Falkirk Wheel, Panoramic view.

Falkirk Wheel, Panoramic view.
Image by Cameron Lyall, GNU license Wikimedia

20 July 2011

A Clockwork Orange (And Buses) Re-Resucked

"A human being is endowed with free will. He can use this to choose between good and evil. If he can only perform good or only perform evil, then he is a clockwork orange - meaning that he has the appearance of an organism lovely with colour and juice but is in fact only a clockwork toy to be wound up by God or the Devil." - Anthony Burgess in "A Clockwork Orange Resucked"

The subway system in Glasgow is simple and straightforward. One simply hops on and travels around its solitary loop. There is no complex mapping system, like the London Underground, and the everyone can figure out how to get from one destination to another. The simplicity and thoughtlessness of traveling round and round, is what Burgess was referencing in the previous quote.

Public transportation in Glasgow is not bad at all though.

The subway may just run in circles, but visitors and residents can choose to reach their destinations in other ways, like using the variety of routes provided by the bus system.
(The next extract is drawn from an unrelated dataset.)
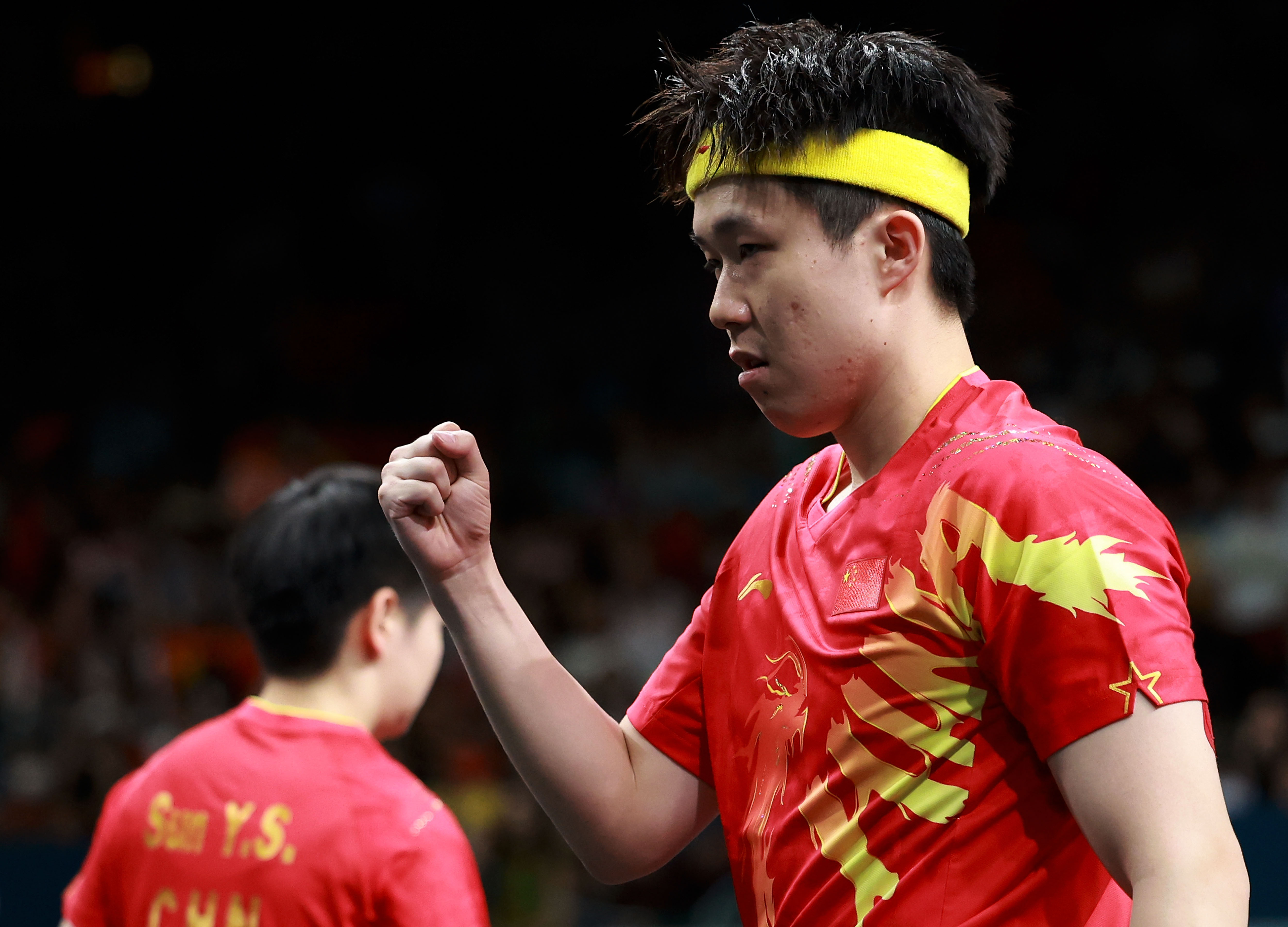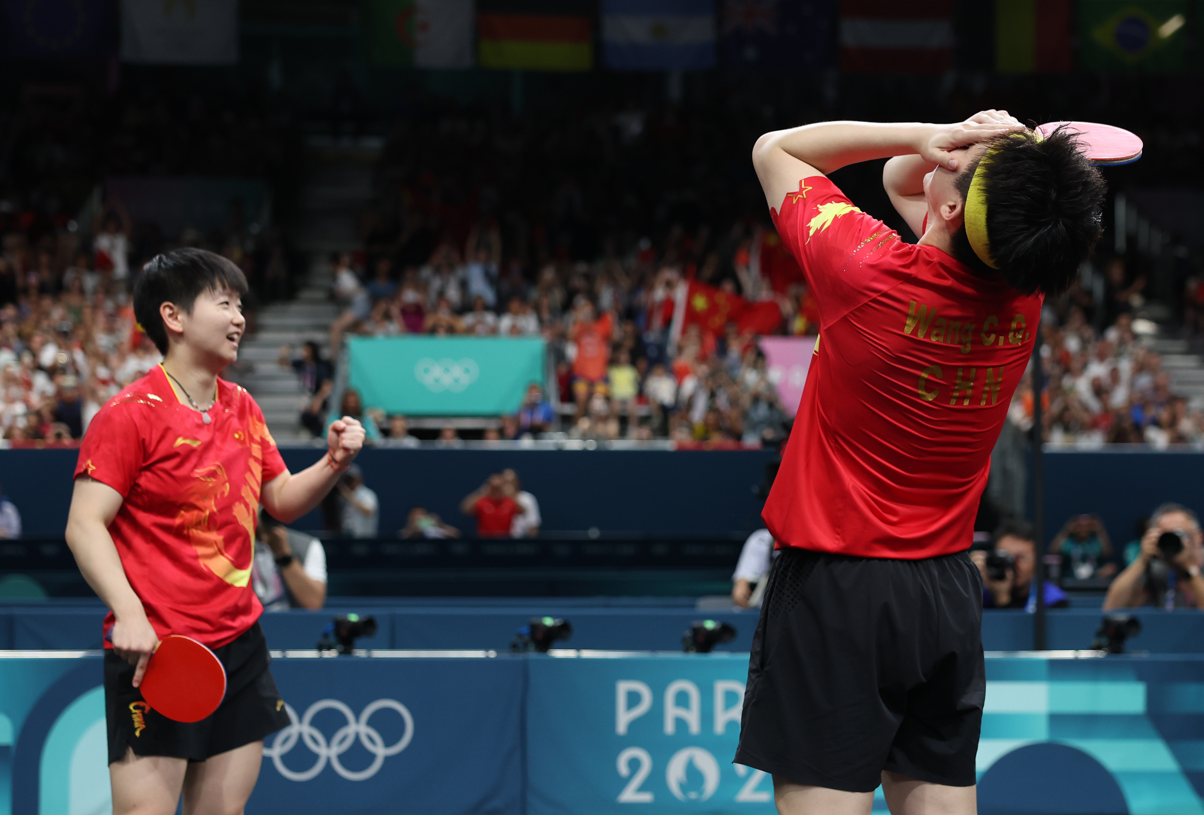 7月30日,王楚钦(右)/孙颖莎在比赛中庆祝得分。

Truely postindustrial public transport systems are easy to figure out and complimentary in design. Glasgow's subway and bus systems are both simple, but offer travelers a variety of destinations around the city.

My interpretation of postindustrial public transportation is having multiple methods of travel that are simple to use. "The Clockwork Orange" subway, is idiot-proof, which is good. The engineers and designers who chose the stops and mapped the route made sure to make it circular, simple and convenient. Similar in its simplicity, the Glasgow bus routes are linear and easy to map.

Within my day's visit to Glasgow, I took the train and bus systems, while also walking to reach the Riverside Museum. It's bus system gives travelers more choice in routes to travel.

Of course, one can always choose to walk or take a cab, which makes the city's transport system more postindustrial, but I digress.

Glasgow's public transportation systems' use simple routes, making them effective maps of the city. Yes, one may feel a pseudo-lack of free will when traveling around in circles while on The Clockwork Orange, but that does not mean that a lack of travel options was present.

On the contrary, Glasgowegians have a decent amount of choice when considering methods of public transport to take advantage of. They are also lucky enough to have systems that are easy to figure out.